I'm trying to prove that that the naturality squares commute for the natural transformation $\epsilon F$ defined by $(\epsilon F)_A=\epsilon_{F(A)}:FGF(A)\to F(A)$ where $\epsilon$ is the counit of adjunction between $F$ and $G$ ($F$ on the left and $G$ on the right). So I need to prove that for any arrow $f:A\to A'$ in the domain category of $F$, the following square commutes
The only idea I had is to use the commutativity of the naturality squares for $\epsilon_X$:
But I don't see how to do it. Applying $F$ to this diagram wouldn't make any sense. I could consider a diagram with vertical arrows $GF(X)\to X$ with $X=A,A'$ and apply $F$ but that diagram doesn't make sense to me, why would it be commutative (the naturality squares for the unit of adjunction $\eta$ should go in the opposite direction)?
How to proceed?
Your first naturality square is just your second square applied at the morphism $\alpha = F(f): F(A) \rightarrow F(A')$.

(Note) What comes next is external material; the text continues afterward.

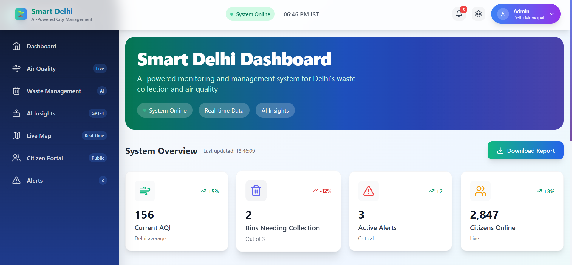 Smart Delhi is a revolutionary AI-powered smart city management system that transforms Delhi into a sustainable, efficient, and citizen-friendly metropolis.

That is, the naturality square for $\epsilon$ commutes for every morphism $\alpha$ in the source category of $G$. $F(f)$ is one specific morphism in the source category of $G$, so we can substitute it in as a possible $\alpha$ and get a commuting square.
This works for all $f:A \rightarrow A'$, so we get all the commuting squares we need for a natural transformation $FGF \Rightarrow F$.